Les conseillers financiers prennent de l’âge, et ils doivent revoir leur approche des clientèles constituées des plus jeunes générations. L’utilisation des réseaux sociaux et des nouveaux canaux de communication est essentielle si l’industrie veut joindre ces consommateurs et leur proposer des produits d’assurance vie.charbonneau_tremblay_bergeron

Au récent Congrès de l’assurance et de l’investissement, trois experts ont proposé des moyens pour la vente de produits financiers aux jeunes familles et aux clients de la génération Y. Selon la définition soumise par Yan Charbonneau, président d’AFL Groupe financier, on inclut dans ce groupe les gens nés entre 1980 et 1997. Ils forment déjà un important groupe de la population québécoise, avec environ 1,3 million de personnes, et d’ici 2020, les clients Y formeront la génération dotée du plus important pouvoir d’achat.

« Vendre de l’assurance vie en parlant d’une protection pour le futur, ça ne signifie rien pour les Y. Un horizon de cinq ans pour eux, c’est déjà long. La fin de vie, c’est beaucoup trop loin », explique M. Charbonneau. La sécurité financière et les besoins à la retraite sont des concepts lointains. Les conseillers doivent adapter leur discours à la réalité, insiste-t-il. Pour changer leur approche envers ces jeunes familles et les clients Y, les cabinets doivent aussi recruter de plus jeunes conseillers.

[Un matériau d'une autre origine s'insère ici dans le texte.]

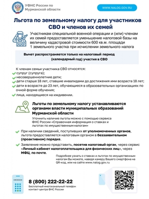Участники специальной военной операции и члены их семей освобождены от уплаты налога на имущество физических лиц на период участия в СВО. Льгота распространяется только на налоговый период (календарный год) участия в СВО.

Chez les clients Y, la tentation est forte de retarder les achats importants pour réaliser des projets, comme des voyages à l’étranger, ou encore d’investir dans leur éducation. « Ce ne sont pas toujours des besoins frivoles », précise Michel Bergeron, associé chez Ernst & Young (EY).

Autre facteur à ne pas négliger: la génération des travailleurs de moins de 35 ans est déjà très endettée. Les mensualités qui servent à rembourser les prêts étudiants, les dettes de crédit et les prêts hypothécaires, lorsqu’ils sont propriétaires, pèsent lourd dans leur budget. Quand ils pensent à l’assurance vie, ils ont déjà magasiné une couverture minimale et peu couteuse. Les sondages menés par EY auprès des clients de compagnies d’assurance confirment la tendance, ajoute M. Bergeron.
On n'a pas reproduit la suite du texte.